Peripheral Vasculopathy, including Raynaud's Phenomenon: Stimulants, including Ritalin and Ritalin LA, used to treat ADHD are associated with peripheral vasculopathy, including Raynaud's phenomenon. Signs and symptoms are usually intermittent and mild; however, very rare sequelae include digital ulceration and/or soft tissue breakdown. Effects of peripheral vasculopathy, including Raynaud's phenomenon, have been observed in postmarketing reports at different times and at therapeutic doses in all age groups throughout the course of treatment. Signs and symptoms generally improve after reduction in dose or discontinuation of drug. Careful observation for digital changes is necessary during treatment with ADHD stimulants. Further clinical evaluation (e.g. rheumatology referral) may be appropriate for certain patients.
Drug abuse and dependence: Caution is called for in emotionally unstable patients, such as those with a history of drug or alcohol dependence, because they may increase the dosage on their own initiative. Chronic abuse can lead to marked tolerance and psychological dependence with varying degrees of abnormal behaviour. Frank psychotic episodes may occur, especially in response to parenteral abuse.
Clinical data indicate that children given Ritalin are not more likely to abuse drugs as adolescents or adults. Methylphenidate abuse or dependence does not appear to be a problem in adolescents or adults who were treated with methylphenidate for ADHD as children.
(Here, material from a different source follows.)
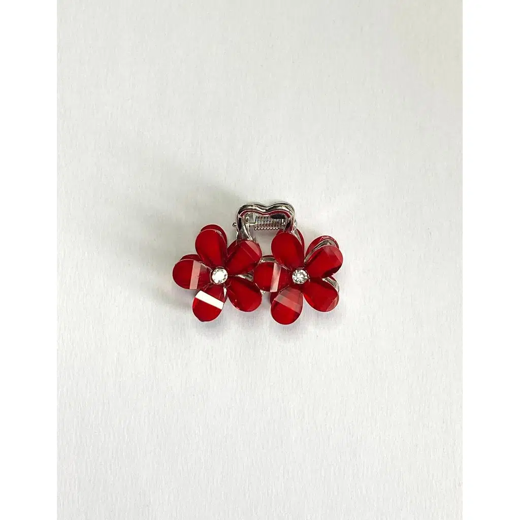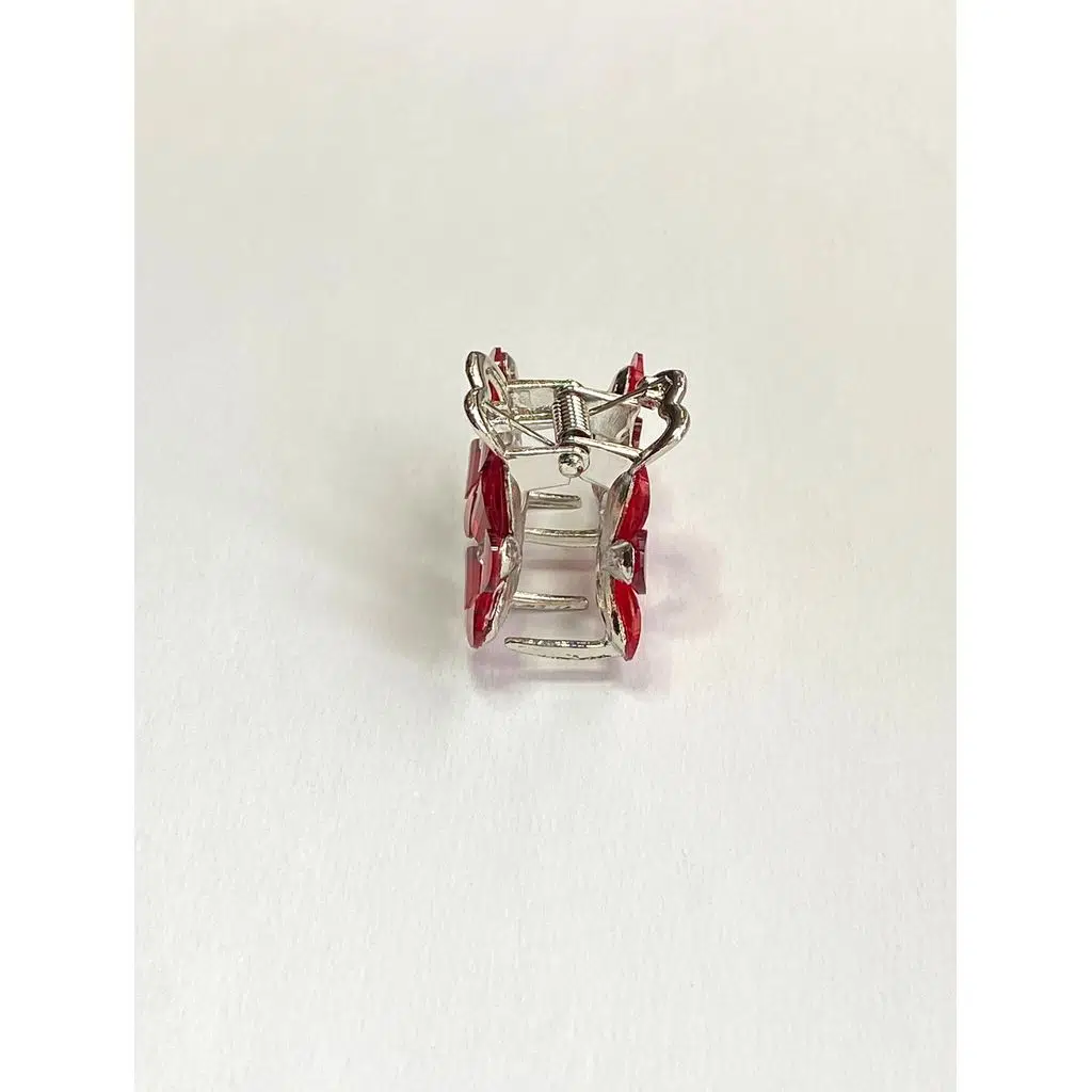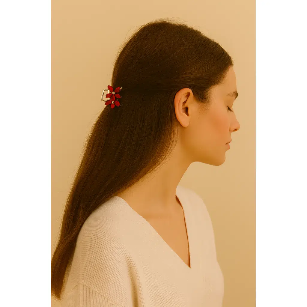 Kırmızı Taşlı Çiçek Metal Mandal Toka 4 cm

Use with alcohol: Alcohol may exacerbate the CNS adverse reactions of psychoactive drugs, including methylphenidate. Therefore, it is advisable for patients to abstain from alcohol during treatment.
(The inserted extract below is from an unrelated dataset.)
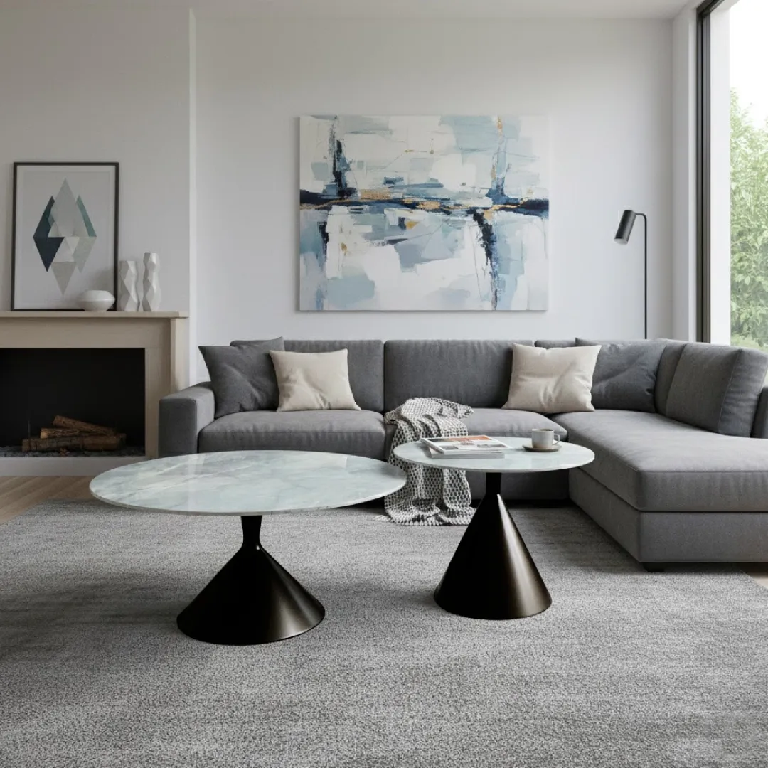 Diseño vanguardista de bases cónicas y superficie de porcelanato con vetas grises, este conjunto es la pieza central perfecta para hogares que buscan un estilo sofisticado y minimalista.

Withdrawal: Careful supervision is required during drug withdrawal, since this may unmask depression as well as the effects of chronic over-activity. Some patients may require long-term follow-up.
Haematological effects: Data on safety and efficacy of long-term use of methylphenidate are not complete. Patients requiring long-term therapy should be carefully monitored and periodic complete blood counts, differential and platelet counts are advisable during prolonged therapy. In the event of haematological disorders appropriate medical intervention should be considered (see Adverse Reactions).
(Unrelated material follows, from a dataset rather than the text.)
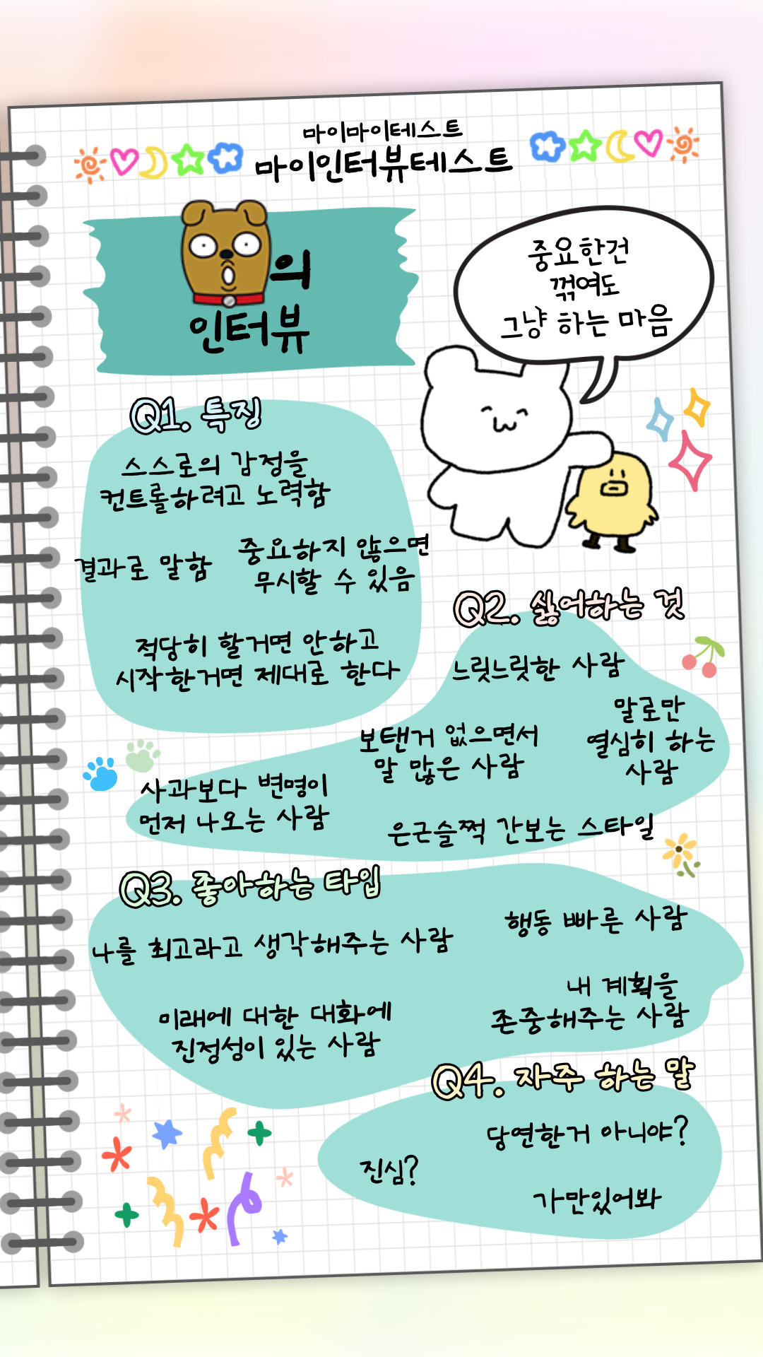 나를 몇가지 질문으로 다 알아버린 듯한 결과가 나와요

Effects on laboratory tests: Methylphenidate may induce false positive laboratory tests for amphetamines, particularly with immunoassays screen test.
Effects on Ability to Drive or Operate Machinery: Ritalin may cause dizziness, drowsiness, blurred vision, hallucinations or other CNS side effects (see Adverse Reactions). Patients experiencing such side effects should refrain from driving, operating machinery, or engaging in other potentially hazardous activities.
Use in Children: Methylphenidate should not be used in children under 6 years of age, since safety and efficacy in this age group have not been established. Medicines should be kept out of the reach of children.